Content starts

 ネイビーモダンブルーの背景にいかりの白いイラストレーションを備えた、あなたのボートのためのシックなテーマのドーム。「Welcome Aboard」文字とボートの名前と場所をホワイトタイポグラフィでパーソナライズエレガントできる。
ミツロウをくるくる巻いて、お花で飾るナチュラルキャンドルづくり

Content ends
Content starts

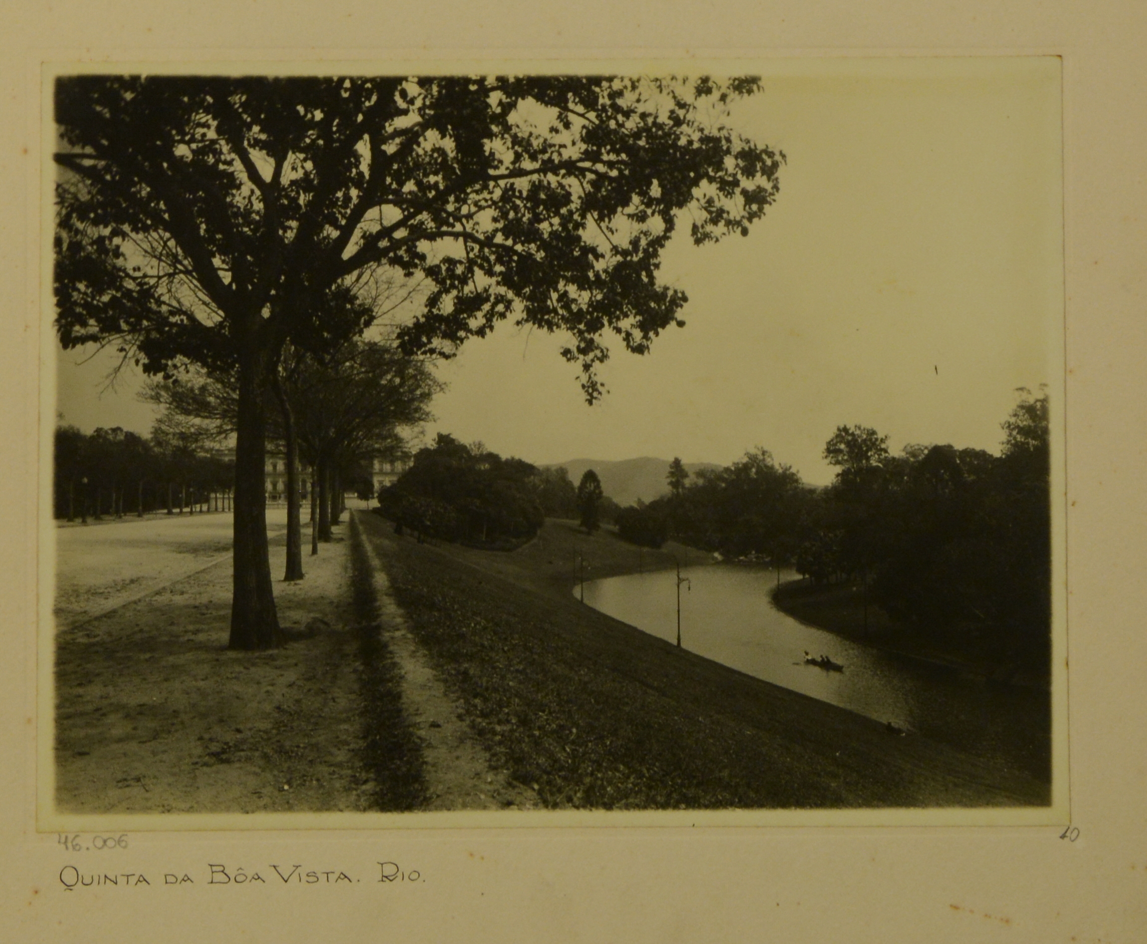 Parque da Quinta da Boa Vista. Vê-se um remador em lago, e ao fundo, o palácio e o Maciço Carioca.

Content ends
Content starts

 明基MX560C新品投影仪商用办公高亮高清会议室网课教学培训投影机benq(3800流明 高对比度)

Content ends

Output the material above exactly, but only from the line that carries "ネイビーモダンブルーの背景に" through the line that carries "ミツロウをくるくる巻いて、お花で飾るナチュラルキャンドルづくり".

 ネイビーモダンブルーの背景にいかりの白いイラストレーションを備えた、あなたのボートのためのシックなテーマのドーム。「Welcome Aboard」文字とボートの名前と場所をホワイトタイポグラフィでパーソナライズエレガントできる。
ミツロウをくるくる巻いて、お花で飾るナチュラルキャンドルづくり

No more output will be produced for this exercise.